After the withdrawal of the cooling measures by the Hong Kong government, the property market has shown signs of rebound, with both prices and transaction volume rising monthly. However, factors such as high interest rates and the accumulation of inventory of new properties continue to slow down the pace of price recovery, maintaining the prediction that the trend of property prices this year will form an “L” shape. There is still a chance of a 3 to 5% decrease in the first half of the year, with a slight recovery in the second half, resulting in a maximum annual decline of up to 5%.
According to Wang Zhaoqi, Director of Research and Consultation at Lafarge Greater China, the market anticipates a slight delay in the interest rate cut in the United States, with Hong Kong expected to begin reducing rates no earlier than the second half of the third quarter. The high interest rate factor will continue to affect buyers, home swappers, and new mortgage applicants in the first half of the year.
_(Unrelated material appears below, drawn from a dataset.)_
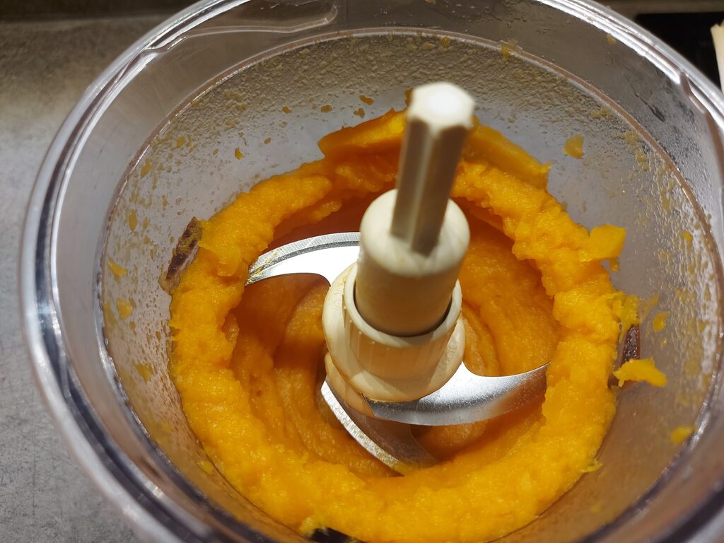 • Coupez la citrouille en dés après l’avoir épluchée et faites-la cuire au four à 200° pendant 15 minutes. Utilisez la delica, comme je l’ai fait, ces quelques minutes suffiront car il s’agit d’une citrouille très sèche et sucrée.
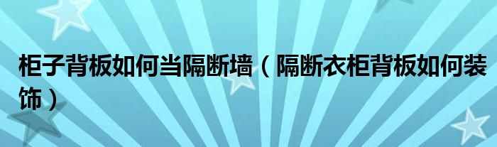 柜子背板如何当隔断墙(隔断衣柜背板如何装饰)

The inventory of new properties needs to be reduced by another 8,000 to 10,000 units before a significant rebound in property prices can be seen.
He expects that after the market digests the positive news, monthly transaction volumes in the property market will hover around 5,000 cases. With insufficient purchasing power in the market before the rate cut, the annual transactions of both primary and secondary properties are expected to range from 48,000 to 53,000 units throughout the year.